India is a huge country, and there are also a lot of regional dishes that vary from place to place. The difference between northern and southern dishes is very striking, and there are some interesting recipes from places like Goa, where pork is used quite a bit.

Curry powder does have its place, though. Just not in Indian cooking.


----------



## Rocklobster (Dec 3, 2013)

In the third episode they feature one region that prides itself on using nearly no spices in their cooking. One guy prepares a chicken korma using very little, if any. He uses tons of onions, over one cup, ginger, garlic, though.


----------



## acerbicacid (Dec 3, 2013)

It was reading about the making of curries that made me buy a spice grinder and whole spices.   The differences  between different types of curry I found  amazing.   One of the better sites for Indian recipes I find is Mamta's - home cooking at it's best.

Mamta's Kitchen


----------



## taxlady (Dec 3, 2013)

Thanks for the link Roch. I just watched the whole episode and "subscribed" to it.

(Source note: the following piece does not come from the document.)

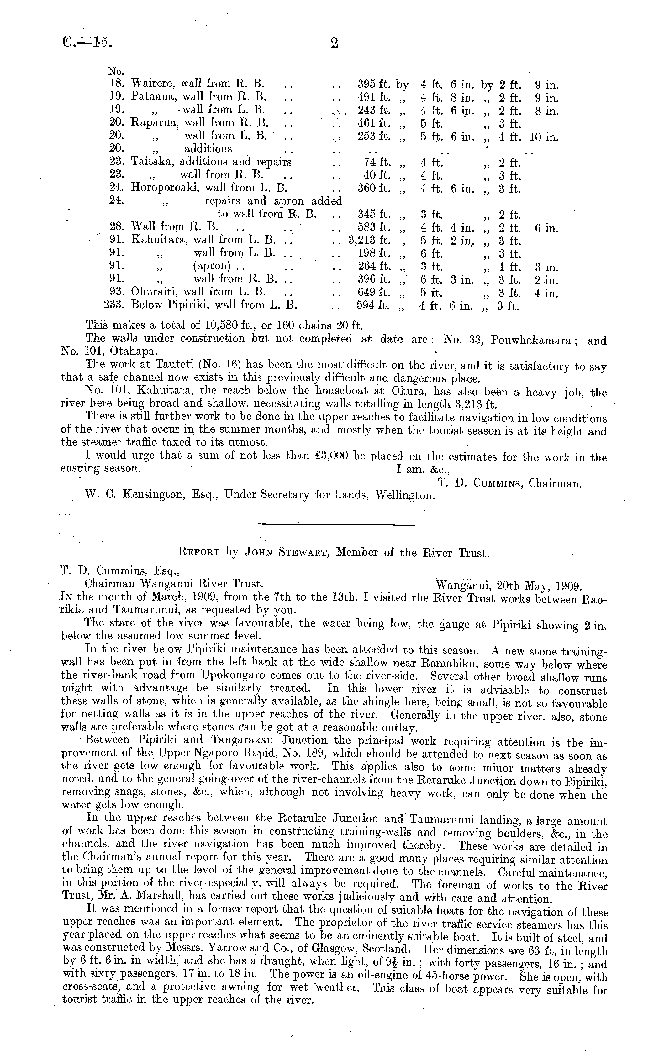 Report by John Stewart, Member of the River Trust. T. D. Cummins, Esq., Chairman Wanganui River Trust. Wanganui, 20th May, 1909. In the month of March, 1909, from the 7th to the 13th. I visited the River Trust works between Raorikia and Taumarunui, as requested by you. The state of the river was favourable, the water being low, the gauge at Pipiriki showing 2 in. below the assumed low summer level. In the river below Pipiriki maintenance has been attended to this season. A new stone trainingwall has been put in from the left bank at the wide shallow near Ramahiku, some way below where the river-bank road from Upokongaro comes out to the river-side. Several other broad shallow runs might with advantage be similarly treated. In this lower river it is advisable to construct these walls of stone, which is generally available, as the shingle here, being small, is not so favourable for netting walls as it is in the upper reaches of the river. Generally in the upper river, also, stone walls are preferable where stones Can be got at a reasonable outlay. Between Pipiriki and Tangarakau Junction the principal work requiring attention is the improvement of the Upper Ngaporo Rapid, No. 189, which should be attended to next season as soon as the river gets low enough for favourable work. This applies also to some minor matters already noted, and to the general going-over of the river-channels from the Retaruke Junction down to Pipiriki, removing snags, stones, &c, which, although not involving heavy work, can only be done when the water gets low enough. In the upper reaches between the Retaruke Junction and Taumarunui landing, a large amount of work has been done this season in constructing training-walls and removing boulders, &c., in the channels, and the river navigation has been much improved thereby. These works are detailed in the Chairman's annual report for this year. There are a good many places requiring similar attention to bring them up to the level of the general improvement done to the channels. Careful maintenance, in this portion of the river especially, will always be required. The foreman of works to the River Trust, Mr. A. Marshall, has carried out these works judiciously and with care and attention. It was mentioned in a former report that the question of suitable boats for the navigation of these upper reaches was an important element. The proprietor of the river traffic service steamers has this year placed on the upper reaches what seems to be an eminently suitable boat. It is built of steel, and was constructed by Messrs. Yarrow and Co., of Glasgow, Scotland. Her dimensions are 63 ft. in length by 6 ft. 6 in. in width, and she has a draught, when fight, of 9J in. ; with forty passengers, 16 in. ; and with sixty passengers, 17 in. to 18 in. The power is an oil-engine of 45-horse power. She'is open,'with cross-seats, and a protective awning for wet weather. This class of boat appears very suitable for tourist traffic in the upper reaches of the river.

Those heavy duty blenders that they use to grind spices, etc. are called "mixies". They are more expensive in 110 volts than in the 220 volts used in India.


----------



## Janet H (Dec 3, 2013)

Blending spices in the pan makes every dish a little different.  A spice tiffin in on my Christmas list this year (love indian food)



This one: Spice Tiffin | indianasapplepie


----------



## Dawgluver (Dec 3, 2013)

Janet H said:


> Blending spices in the pan makes every dish a little different.  A spice tiffin in on my Christmas list this year (love indian food)
> 
> This one: Spice Tiffin | indianasapplepie



That is cool, Janet!

I will definitely have to check out your link, Rock.  I do remember reading somewhere that curry powder was British invention.


----------



## Mad Cook (Dec 3, 2013)

Rocklobster said:


> I have discovered this great BBC documentary series on you tube. It it called Rick Stien's India. There are at least 6 episodes of an hour each. I just finished the third one. Apparently, curry powder was invented by the British when they returned home. It was a one spice creation designed to simplify the cooking process to recreate the recipes from India. Most Indians regard it as a horrible abomination.
> 
> It is a great series. Watch if for a few minutes and it will have your mouth watering and you will be running to the kitchen to cook something, or Indian grocer to stock up on supplies. Rick Stein's India Episode 1 BBC full documentary 2013 Journey to india britian's love with curry - YouTube


Well, yes. When the Brits lived in India even lower level expats would have had several kitchen "wallahs" but when they left India they rarely had a houseful of servants in England to prepare their food and if they had a cook she wouldn't have the knowledge to prepare the individual spices for "curries" even if she could easily obtain them.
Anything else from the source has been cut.